INFORMATION PROVIDED
↓↓↓

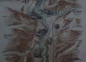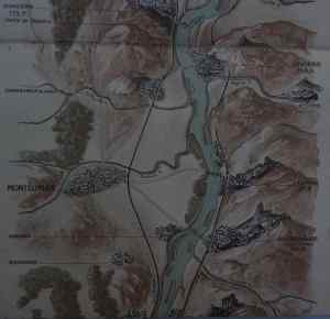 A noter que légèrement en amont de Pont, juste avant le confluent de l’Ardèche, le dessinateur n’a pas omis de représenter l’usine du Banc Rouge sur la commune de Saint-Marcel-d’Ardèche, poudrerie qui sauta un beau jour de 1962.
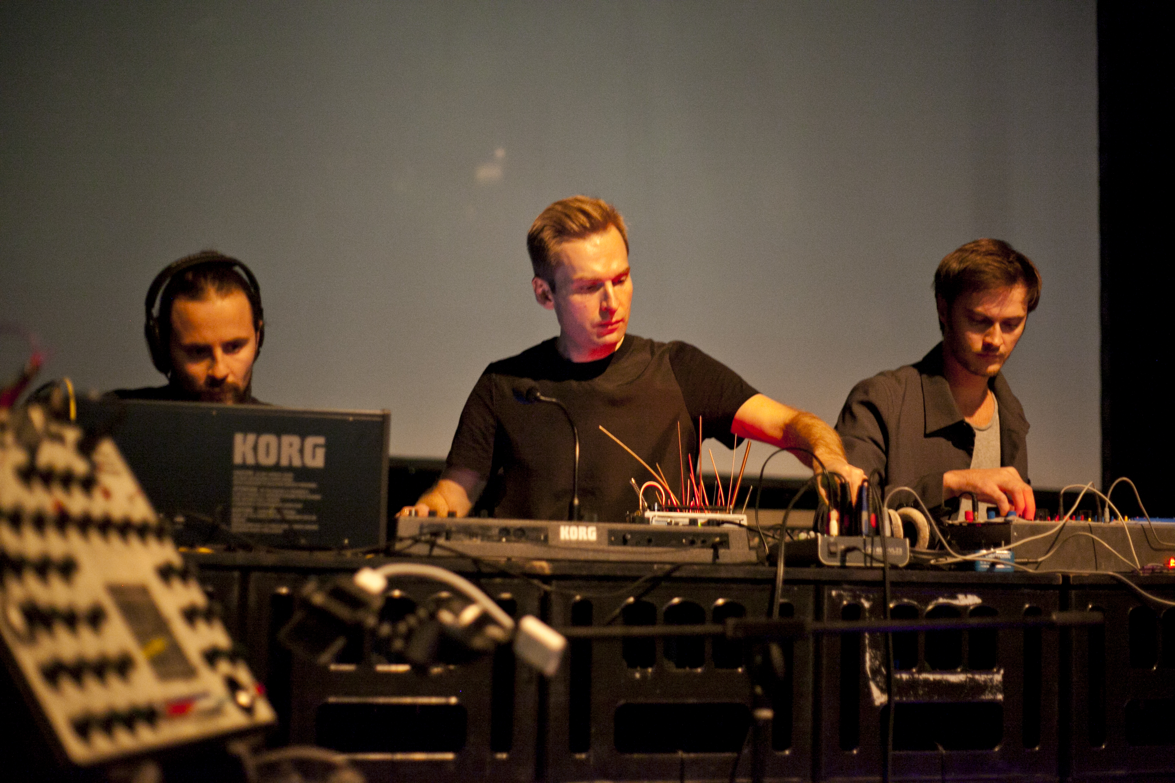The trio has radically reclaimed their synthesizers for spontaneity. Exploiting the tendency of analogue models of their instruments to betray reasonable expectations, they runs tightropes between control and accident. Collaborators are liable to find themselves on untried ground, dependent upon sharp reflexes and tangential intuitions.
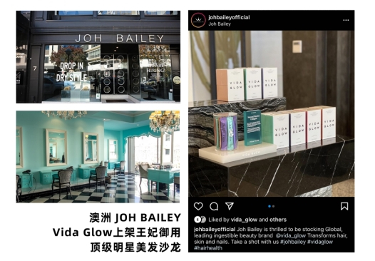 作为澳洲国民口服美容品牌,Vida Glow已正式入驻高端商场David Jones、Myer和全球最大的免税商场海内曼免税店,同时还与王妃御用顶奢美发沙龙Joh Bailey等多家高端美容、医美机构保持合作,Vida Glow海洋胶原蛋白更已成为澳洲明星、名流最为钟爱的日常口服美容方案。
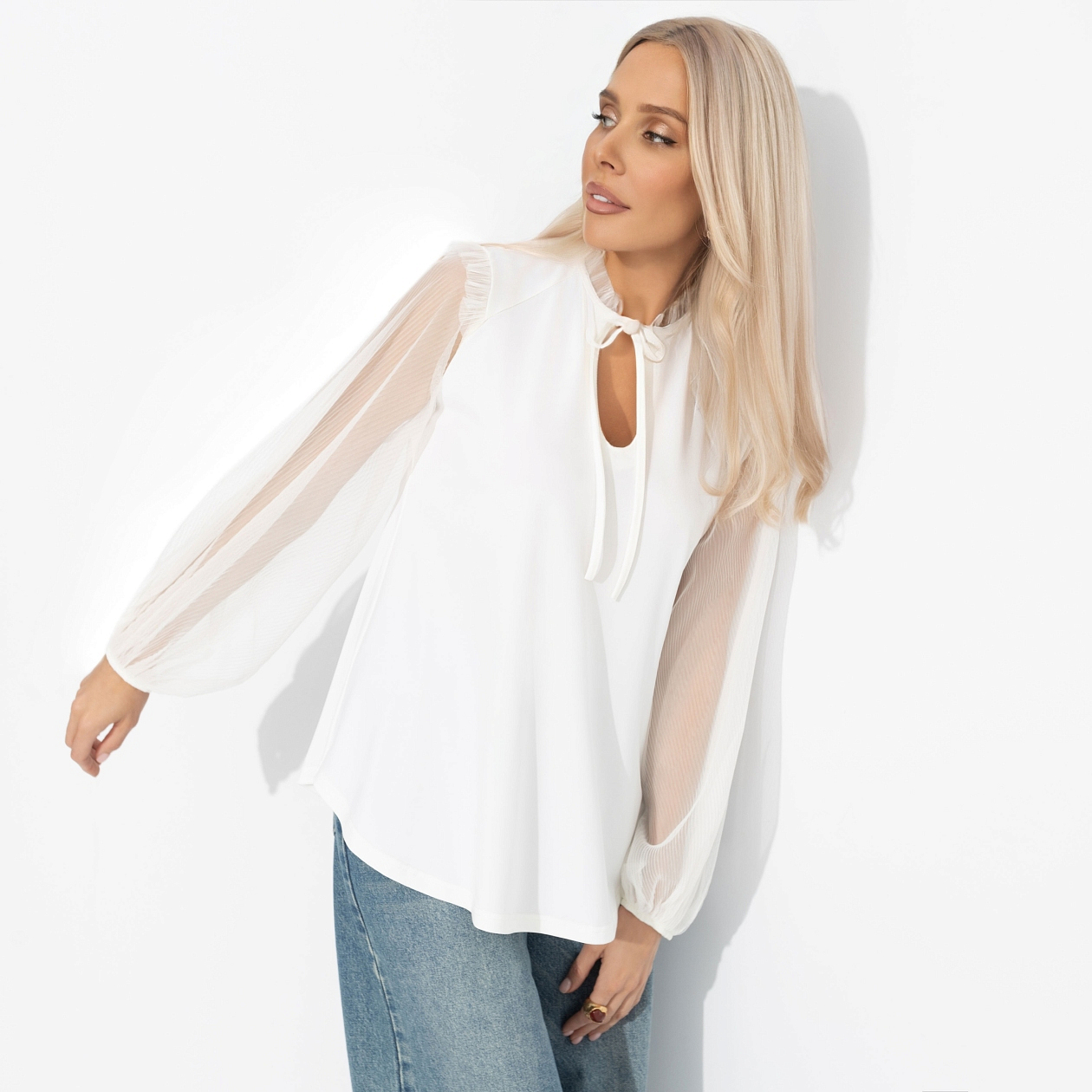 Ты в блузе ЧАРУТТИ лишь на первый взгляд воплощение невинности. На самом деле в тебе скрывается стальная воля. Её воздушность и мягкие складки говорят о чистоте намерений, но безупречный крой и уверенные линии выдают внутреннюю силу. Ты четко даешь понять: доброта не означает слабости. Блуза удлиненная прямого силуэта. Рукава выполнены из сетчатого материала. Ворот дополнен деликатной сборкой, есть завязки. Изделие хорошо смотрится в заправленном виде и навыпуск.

↑↑↑

YOUR GOAL
What's needed is every line above, retyped exactly and free of pictures.

SOLUTION FOR THIS TASK
 A noter que légèrement en amont de Pont, juste avant le confluent de l’Ardèche, le dessinateur n’a pas omis de représenter l’usine du Banc Rouge sur la commune de Saint-Marcel-d’Ardèche, poudrerie qui sauta un beau jour de 1962.
The trio has radically reclaimed their synthesizers for spontaneity. Exploiting the tendency of analogue models of their instruments to betray reasonable expectations, they runs tightropes between control and accident. Collaborators are liable to find themselves on untried ground, dependent upon sharp reflexes and tangential intuitions.
 作为澳洲国民口服美容品牌,Vida Glow已正式入驻高端商场David Jones、Myer和全球最大的免税商场海内曼免税店,同时还与王妃御用顶奢美发沙龙Joh Bailey等多家高端美容、医美机构保持合作,Vida Glow海洋胶原蛋白更已成为澳洲明星、名流最为钟爱的日常口服美容方案。
 Ты в блузе ЧАРУТТИ лишь на первый взгляд воплощение невинности. На самом деле в тебе скрывается стальная воля. Её воздушность и мягкие складки говорят о чистоте намерений, но безупречный крой и уверенные линии выдают внутреннюю силу. Ты четко даешь понять: доброта не означает слабости. Блуза удлиненная прямого силуэта. Рукава выполнены из сетчатого материала. Ворот дополнен деликатной сборкой, есть завязки. Изделие хорошо смотрится в заправленном виде и навыпуск.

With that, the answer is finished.